··· SOURCE MATERIAL

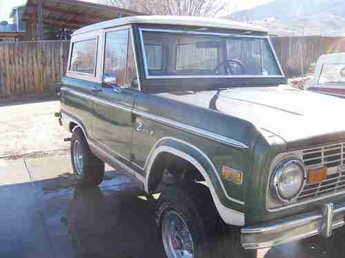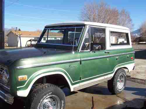 I'm selling my 1974 ford Bronco it is equipped with a C4 automatic transmission and a 302 V8, it has power steering and power brakes it also has a dealer install A/C system that needs to be charged up. The speed o shows 58,500 miles I be leave this to be original because of how nice this bronco is. It is uncut and still has the original paint on it. The seat covers and carpet have been replaced. The engine and transmission and 4 wheel drive all work good and no leaks. The body does have a few imperfection and the only rust is a few pin holes in the drivers floor and some minor surface rust where the original paint is getting thin it also has a new hood that is still in primer black. I do have the spare tire and rack for it and it also is in good working condition, It has four new tires and a 2 inch lift kit installed. I'm only sell this great bronco because I need some funds to finish another bronco I'm restoring.
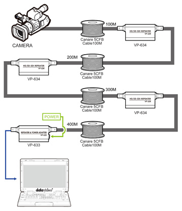 En cada cadena, el VP-633 debe ser el primer elemento, ya que cuenta con su propia fuente de alimentación y también puede enviar alimentación a través del cable SDI a los demás repetidores VP-634
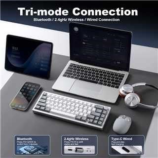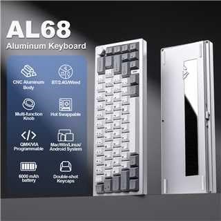 Aluminum Mechanical Keyboard:YUNZII AL68 aluminum keyboard is crafted from premium anodized aluminum for unparalleled durability and a superior typing experience. This 60% keyboard features 66 keys and a metal knob for easy volume and RGB control. The glossy back panel and corrosion-resistant design make it ideal for both gamers and professionals seeking a high-quality, long-lasting mechanical gaming keyboard Multi-Device Tri-Mode Wireless Connectivity: Stay connected across multiple devices with AL68. This wireless keyboard supports tri-mode connectivity Bluetooth, 2.4G wireless, and USB wired, making it compatible with Mac, Windows, Linux and more. Switch seamlessly between up to 5 devices, whether you re using a tablet, laptop, PC, or smartphone. Build-in 6000 mAh battery, enjoy up to 4 days of uninterrupted use when no RGB, making it the perfect companion for on-the-go productivity and gaming QMK/VIA Custom Keyboard: Unlock endless customization possibilities with the YUNZII AL68 s full QMK/VIA support. This programmable keyboard allows users to remap keys, create macros, and personalize backlighting with ease. Compatible with Mac, Windows, and Linux, this qmk/ via wireless custom mechanical keyboard is ideal for gaming and professional work. Take control of your keyboard layout and enjoy the ultimate in user-defined functionality Gasket Mount Creamy Keyboard: The hot swappable keyboard features a gasket mount structure that ensures vibration dampening and sound reduction, creating a comfortable and thocky typing. Compatible with both 3-pin and 5-pin switches, this keyboard comes pre-lubed switches and stablizers for a satisfying creamy sound. It features a Flex-Cut PC Plate and 4-layer sound fillingss, perfect for enthusiasts looking to customize their creamy keyboard with high-quality components South Facing RGB and Double Shot PBT Keycaps: YUNZII AL68 elevates your PC setup with its vibrant RGB backlighting and durable double shot PBT keycaps. The south-facing LEDs and cherry profile keycaps ensure a smooth, evenly distributed light effect, perfect for both gaming and work. With customizable lighting effects, this RGB keyboard adds a dynamic, colorful touch to any setup, enhancing both aesthetics and functionality.

······

**WHAT TO PRODUCE**
Word for word, restate all of the material, omitting the images.

**ANSWER FOR THIS EXERCISE**
 I'm selling my 1974 ford Bronco it is equipped with a C4 automatic transmission and a 302 V8, it has power steering and power brakes it also has a dealer install A/C system that needs to be charged up. The speed o shows 58,500 miles I be leave this to be original because of how nice this bronco is. It is uncut and still has the original paint on it. The seat covers and carpet have been replaced. The engine and transmission and 4 wheel drive all work good and no leaks. The body does have a few imperfection and the only rust is a few pin holes in the drivers floor and some minor surface rust where the original paint is getting thin it also has a new hood that is still in primer black. I do have the spare tire and rack for it and it also is in good working condition, It has four new tires and a 2 inch lift kit installed. I'm only sell this great bronco because I need some funds to finish another bronco I'm restoring.
 En cada cadena, el VP-633 debe ser el primer elemento, ya que cuenta con su propia fuente de alimentación y también puede enviar alimentación a través del cable SDI a los demás repetidores VP-634
 Aluminum Mechanical Keyboard:YUNZII AL68 aluminum keyboard is crafted from premium anodized aluminum for unparalleled durability and a superior typing experience. This 60% keyboard features 66 keys and a metal knob for easy volume and RGB control. The glossy back panel and corrosion-resistant design make it ideal for both gamers and professionals seeking a high-quality, long-lasting mechanical gaming keyboard Multi-Device Tri-Mode Wireless Connectivity: Stay connected across multiple devices with AL68. This wireless keyboard supports tri-mode connectivity Bluetooth, 2.4G wireless, and USB wired, making it compatible with Mac, Windows, Linux and more. Switch seamlessly between up to 5 devices, whether you re using a tablet, laptop, PC, or smartphone. Build-in 6000 mAh battery, enjoy up to 4 days of uninterrupted use when no RGB, making it the perfect companion for on-the-go productivity and gaming QMK/VIA Custom Keyboard: Unlock endless customization possibilities with the YUNZII AL68 s full QMK/VIA support. This programmable keyboard allows users to remap keys, create macros, and personalize backlighting with ease. Compatible with Mac, Windows, and Linux, this qmk/ via wireless custom mechanical keyboard is ideal for gaming and professional work. Take control of your keyboard layout and enjoy the ultimate in user-defined functionality Gasket Mount Creamy Keyboard: The hot swappable keyboard features a gasket mount structure that ensures vibration dampening and sound reduction, creating a comfortable and thocky typing. Compatible with both 3-pin and 5-pin switches, this keyboard comes pre-lubed switches and stablizers for a satisfying creamy sound. It features a Flex-Cut PC Plate and 4-layer sound fillingss, perfect for enthusiasts looking to customize their creamy keyboard with high-quality components South Facing RGB and Double Shot PBT Keycaps: YUNZII AL68 elevates your PC setup with its vibrant RGB backlighting and durable double shot PBT keycaps. The south-facing LEDs and cherry profile keycaps ensure a smooth, evenly distributed light effect, perfect for both gaming and work. With customizable lighting effects, this RGB keyboard adds a dynamic, colorful touch to any setup, enhancing both aesthetics and functionality.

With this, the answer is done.